Exercise requirements: Only the lines from the top of the listing below to the line that has "トイレットペーパー シングル 5倍巻き" should be echoed, with both ends kept and pictures left out.

Raw data:
=-=-=-=-=
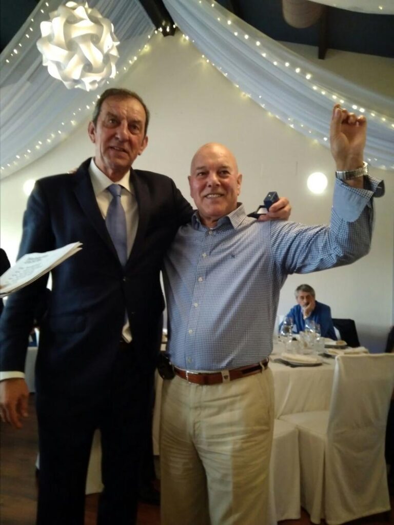 El pasado dia 21 se impusieron las insignias de ORO 2018. Nicomedes Martinez del Pozo "NICO" recibe la insigna de manos de nuestro presidente de Honor
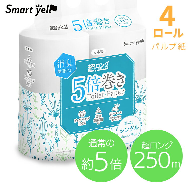 トイレットペーパー シングル 5倍巻き 芯なし アイリスプラザ スマートエール パルプ 250m トイレットロール 国産
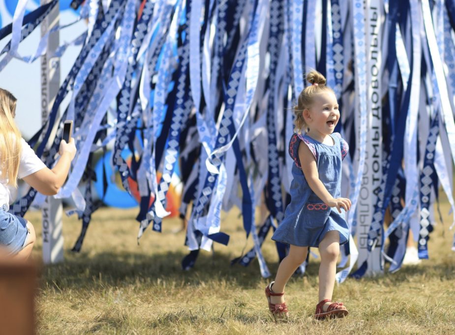 Территория рядом с пляжем реки Лоша на один день превратилась в большой научный город Атомполис, в каждом районе которого работали интерактивные локации. Жители и гости города посещали «Кампус да Винчи» и «Центр креатива», гуляли на «Площади конструктива» и в «Саду Ньютона», фотографировались в «Селфи-парке» и ловили прохладу в «Порту ветра». Разобраться в карте и маршрутах импровизированного города гостям помогали местные жители — волонтёры Республиканского штаба студенческих отрядов, работающих на площадке сооружения Белорусской АЭС.
=-=-=-=-=
Solution:
 El pasado dia 21 se impusieron las insignias de ORO 2018. Nicomedes Martinez del Pozo "NICO" recibe la insigna de manos de nuestro presidente de Honor
 トイレットペーパー シングル 5倍巻き 芯なし アイリスプラザ スマートエール パルプ 250m トイレットロール 国産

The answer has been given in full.